UAPP killed audio from all other applications on mine. Everything worked fine once it was removed, including SDR touch. That may be your issue as well. It seems to take exclusive control over the dac once turned on, to the exclusion of all other audio. They actually refunded me, which I would take to mean they know it is an issue.

Edit: Looking at this again with slightly less tired eyes, I am pretty strongly convinced your issue is with UAPP. The tablet would never default to DSD audio. In fact, I don't think it is even capable of that format out of the box. That must be UAPP's default audio format when not playing a file of another format. That would also partially explain why UAPP kills sound from all other apps. It is apparently outputting a silent DSD stream all of the time, thus occupying the DAC and preventing other applications from being able to access it. 

It's also possible the DACs can only handle one DSD stream at a time, or there is something particular to the nature of a DSD stream over SPDIF that is causing the issue. I've run into similar issues with Dolby Digital on my home theater PC. If you use a SPDIF cable from the PC to a home theater receiver, is mostly works somewhat normally. As soon as the home theater receiver saw a Dolby Digital signal though, everything changed. You would lose volume control through the PC, meaning it would suddenly go to full volume, and no other audio could be processed. So, even if you paused the movie, nothing else could access the SPDIF connection until the movie player was closed and released the connection. In the case of UAPP, even closing the app wouldn't release audio to other apps though. I had to remove UAPP and reboot the tablet to get it back.


----------



## AccordUno

Hammers said:


> I just got the SMSL X-usb this weekend. It powers up but that is it will not connect to computer or my tablet. Think I got a dud


Okay, before you call it that look at the screen, if it says DSDXX(X) X- represents a number it could be 64 or 128, then you will not get any audio out of it unless you use the I2S port, if it says 44.11Khz then it will route the sound thru the Fiber or Coax jack. When I play DSD thru UAPP it plays thru the I2S port (not currently connected), same goes for any other app that is on my tablet, it defaults to the DSD (which is my main issue at the moment, but I think I got a solution for it)



feeshta said:


> UAPP killed audio from all other applications on mine. Everything worked fine once it was removed, including SDR touch. That may be your issue as well. It seems to take exclusive control over the dac once turned on, to the exclusion of all other audio. They actually refunded me, which I would take to mean they know it is an issue.
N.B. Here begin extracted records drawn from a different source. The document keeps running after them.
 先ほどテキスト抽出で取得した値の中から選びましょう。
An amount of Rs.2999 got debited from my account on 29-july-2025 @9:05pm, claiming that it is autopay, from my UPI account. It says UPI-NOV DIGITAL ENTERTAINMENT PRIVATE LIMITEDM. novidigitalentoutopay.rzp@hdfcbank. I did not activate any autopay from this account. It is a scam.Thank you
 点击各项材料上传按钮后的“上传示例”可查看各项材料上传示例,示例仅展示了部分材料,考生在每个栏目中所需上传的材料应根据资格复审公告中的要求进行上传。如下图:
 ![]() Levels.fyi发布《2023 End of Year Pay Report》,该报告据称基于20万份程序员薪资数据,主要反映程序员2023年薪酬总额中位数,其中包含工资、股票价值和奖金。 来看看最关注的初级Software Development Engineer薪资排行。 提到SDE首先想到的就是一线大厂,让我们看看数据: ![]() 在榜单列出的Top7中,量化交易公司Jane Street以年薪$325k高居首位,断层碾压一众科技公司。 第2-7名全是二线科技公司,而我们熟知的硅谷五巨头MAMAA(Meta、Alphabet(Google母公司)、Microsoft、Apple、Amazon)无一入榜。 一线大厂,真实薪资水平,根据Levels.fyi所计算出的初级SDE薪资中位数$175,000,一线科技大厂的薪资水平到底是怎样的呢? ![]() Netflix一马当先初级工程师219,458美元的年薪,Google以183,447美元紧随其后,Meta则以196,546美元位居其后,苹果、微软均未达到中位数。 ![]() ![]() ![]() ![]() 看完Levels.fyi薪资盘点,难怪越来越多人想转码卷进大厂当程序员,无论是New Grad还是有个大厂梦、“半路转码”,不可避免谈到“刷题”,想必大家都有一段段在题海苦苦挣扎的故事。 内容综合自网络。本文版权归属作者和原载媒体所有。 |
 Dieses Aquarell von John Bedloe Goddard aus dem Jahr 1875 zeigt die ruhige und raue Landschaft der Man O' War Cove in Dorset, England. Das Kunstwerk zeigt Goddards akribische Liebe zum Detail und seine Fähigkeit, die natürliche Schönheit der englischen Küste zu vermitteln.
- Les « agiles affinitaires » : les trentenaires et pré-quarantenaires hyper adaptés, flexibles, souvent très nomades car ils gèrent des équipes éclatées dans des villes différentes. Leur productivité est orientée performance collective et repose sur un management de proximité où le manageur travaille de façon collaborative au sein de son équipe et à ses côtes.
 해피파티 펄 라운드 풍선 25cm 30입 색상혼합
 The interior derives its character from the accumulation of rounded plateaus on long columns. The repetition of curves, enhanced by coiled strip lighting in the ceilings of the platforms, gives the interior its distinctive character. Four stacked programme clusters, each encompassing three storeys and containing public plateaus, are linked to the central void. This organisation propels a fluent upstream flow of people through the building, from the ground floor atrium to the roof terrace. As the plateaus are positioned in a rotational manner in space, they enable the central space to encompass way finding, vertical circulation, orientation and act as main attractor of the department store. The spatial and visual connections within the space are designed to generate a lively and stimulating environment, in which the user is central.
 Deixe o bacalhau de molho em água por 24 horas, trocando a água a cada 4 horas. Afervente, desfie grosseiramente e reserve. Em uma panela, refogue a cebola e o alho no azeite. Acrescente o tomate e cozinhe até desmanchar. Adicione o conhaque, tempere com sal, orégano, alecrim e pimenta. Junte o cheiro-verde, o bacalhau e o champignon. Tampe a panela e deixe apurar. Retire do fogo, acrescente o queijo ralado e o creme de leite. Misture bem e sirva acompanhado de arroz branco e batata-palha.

I did a clean install on my tablet this weekend, before I even put UAPP on it, the DAC was showing DSD64 or 128 when using PowerAmp, SDR Touch, and the default audio player included with the ROM. So it might be that the DAC defaults to the highest output by default, unless it receives something different. I will have to check on that with SMSL to make sure. 



feeshta said:


> Edit: Looking at this again with slightly less tired eyes, I am pretty strongly convinced your issue is with UAPP. The tablet would never default to DSD audio. In fact, I don't think it is even capable of that format out of the box. That must be UAPP's default audio format when not playing a file of another format. That would also partially explain why UAPP kills sound from all other apps. It is apparently outputting a silent DSD stream all of the time, thus occupying the DAC and preventing other applications from being able to access it.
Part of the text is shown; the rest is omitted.